Pictures must not appear in the copy. Restate exactly the lines below from the one with "一共37款手机电池换新折扣,全国的小米服" through the one with "無機除草剤・イソシアネートモ", inclusive.

● **LISTED RECORDS**:
━━━━━━

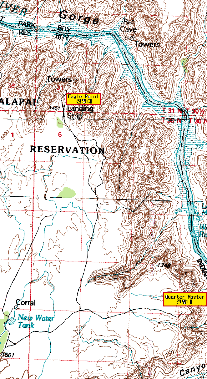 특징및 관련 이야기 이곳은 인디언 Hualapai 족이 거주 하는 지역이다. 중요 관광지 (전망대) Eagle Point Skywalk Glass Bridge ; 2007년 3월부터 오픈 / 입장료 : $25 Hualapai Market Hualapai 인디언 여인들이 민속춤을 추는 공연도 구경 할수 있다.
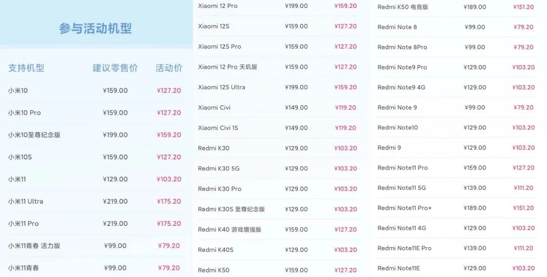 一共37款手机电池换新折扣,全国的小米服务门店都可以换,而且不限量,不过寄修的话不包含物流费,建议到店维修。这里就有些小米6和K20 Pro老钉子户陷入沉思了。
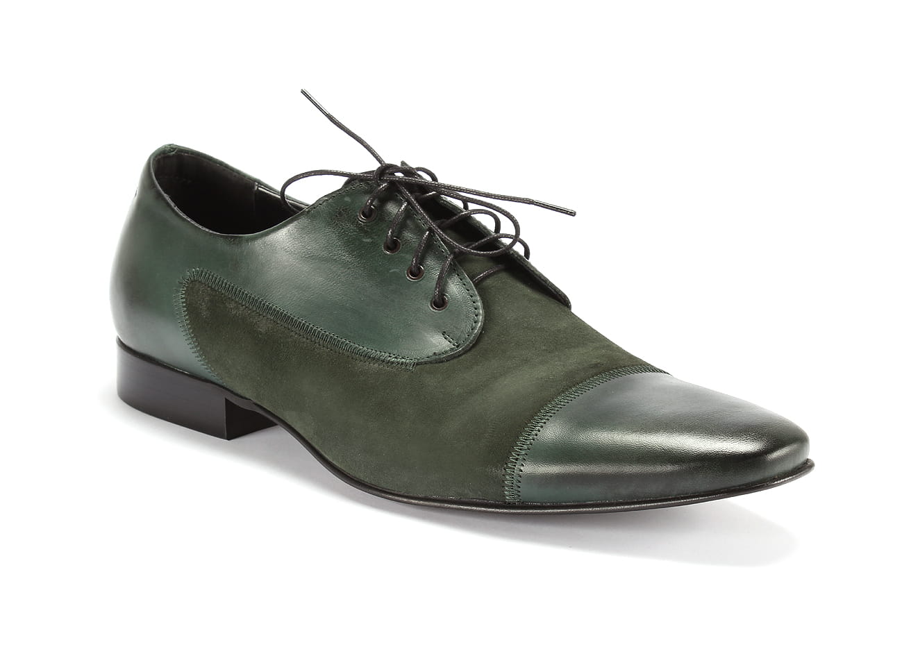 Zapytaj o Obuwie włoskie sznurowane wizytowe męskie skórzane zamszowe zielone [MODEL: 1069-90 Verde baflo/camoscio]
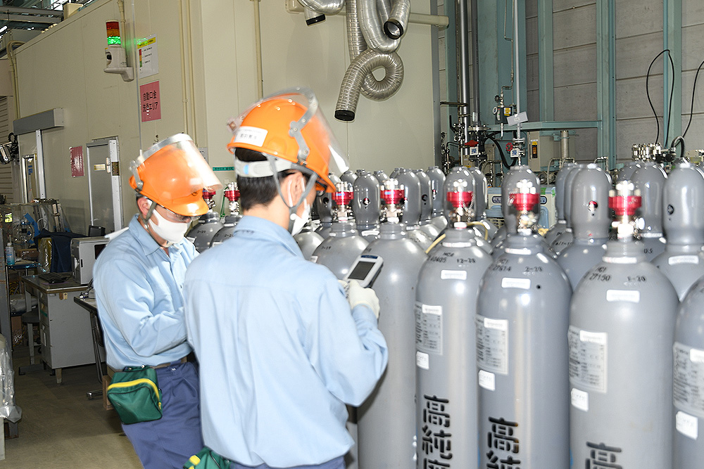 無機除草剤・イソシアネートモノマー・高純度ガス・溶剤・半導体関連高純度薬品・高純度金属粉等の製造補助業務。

━━━━━━

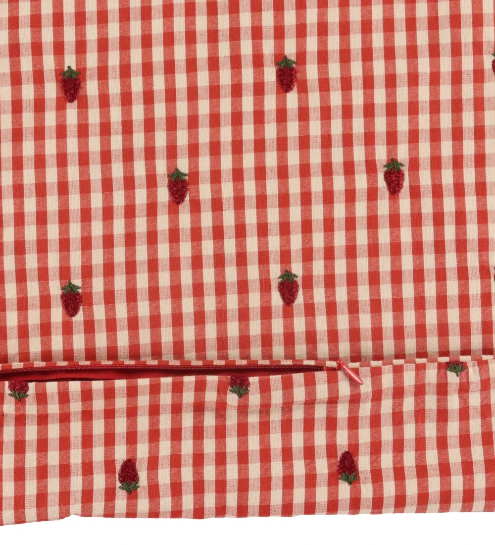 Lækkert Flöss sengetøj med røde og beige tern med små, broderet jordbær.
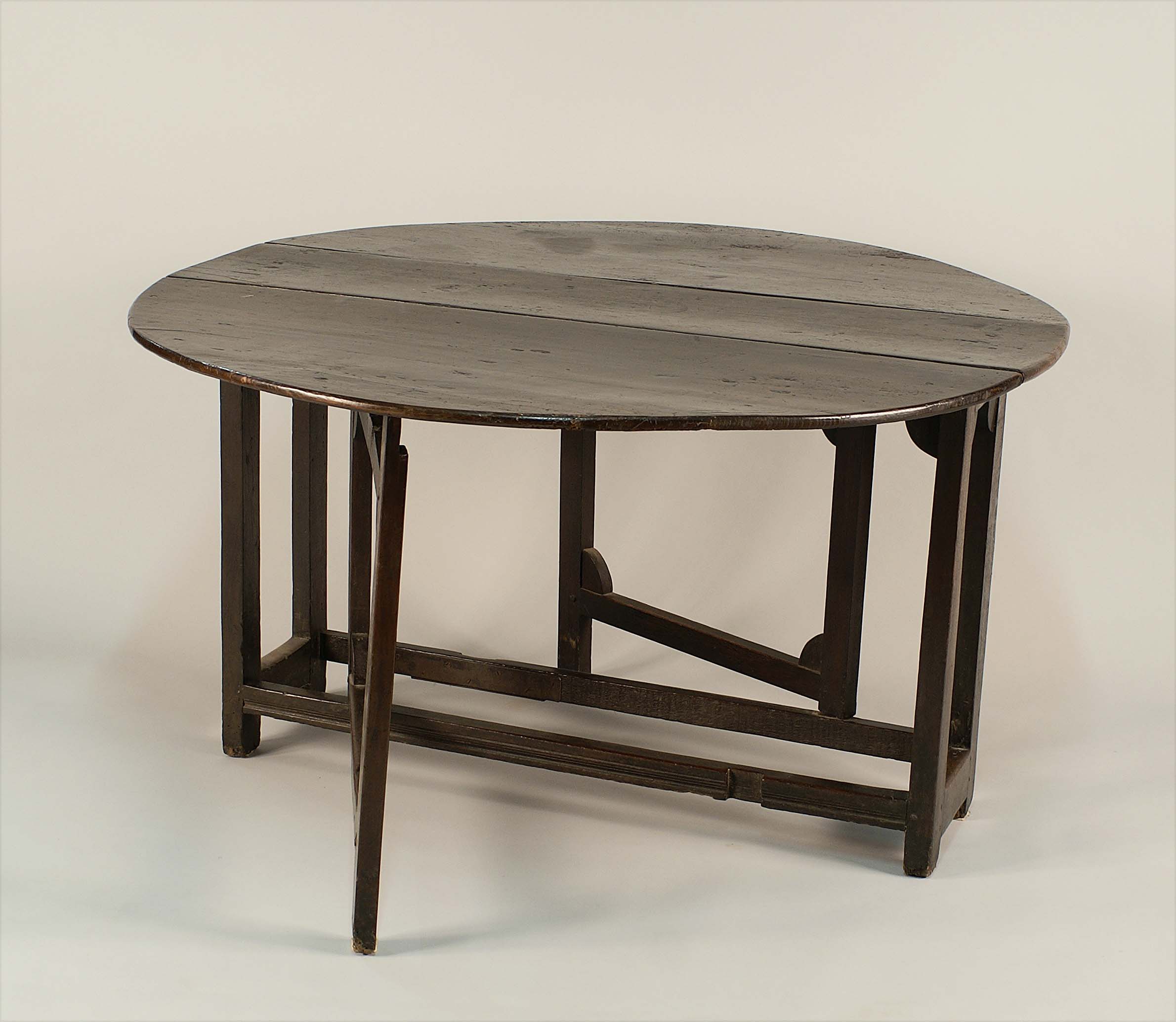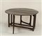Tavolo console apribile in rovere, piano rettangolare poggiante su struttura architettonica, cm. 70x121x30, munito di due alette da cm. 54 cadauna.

━━━━━━

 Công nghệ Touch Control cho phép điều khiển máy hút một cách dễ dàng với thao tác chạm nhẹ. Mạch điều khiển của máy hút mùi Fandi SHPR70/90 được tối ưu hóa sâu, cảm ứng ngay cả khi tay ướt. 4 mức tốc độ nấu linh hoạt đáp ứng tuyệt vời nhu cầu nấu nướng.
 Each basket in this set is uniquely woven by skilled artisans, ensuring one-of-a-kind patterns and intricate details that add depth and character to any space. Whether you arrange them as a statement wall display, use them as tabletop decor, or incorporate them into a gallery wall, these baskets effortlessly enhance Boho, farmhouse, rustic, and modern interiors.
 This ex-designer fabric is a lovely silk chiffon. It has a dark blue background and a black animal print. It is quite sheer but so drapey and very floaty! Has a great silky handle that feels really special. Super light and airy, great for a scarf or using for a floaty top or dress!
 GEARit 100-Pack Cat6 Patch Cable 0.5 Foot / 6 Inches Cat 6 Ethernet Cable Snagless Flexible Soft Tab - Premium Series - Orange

━━━━━━

● **OUTPUT**:
 一共37款手机电池换新折扣,全国的小米服务门店都可以换,而且不限量,不过寄修的话不包含物流费,建议到店维修。这里就有些小米6和K20 Pro老钉子户陷入沉思了。
 Zapytaj o Obuwie włoskie sznurowane wizytowe męskie skórzane zamszowe zielone [MODEL: 1069-90 Verde baflo/camoscio]
 無機除草剤・イソシアネートモノマー・高純度ガス・溶剤・半導体関連高純度薬品・高純度金属粉等の製造補助業務。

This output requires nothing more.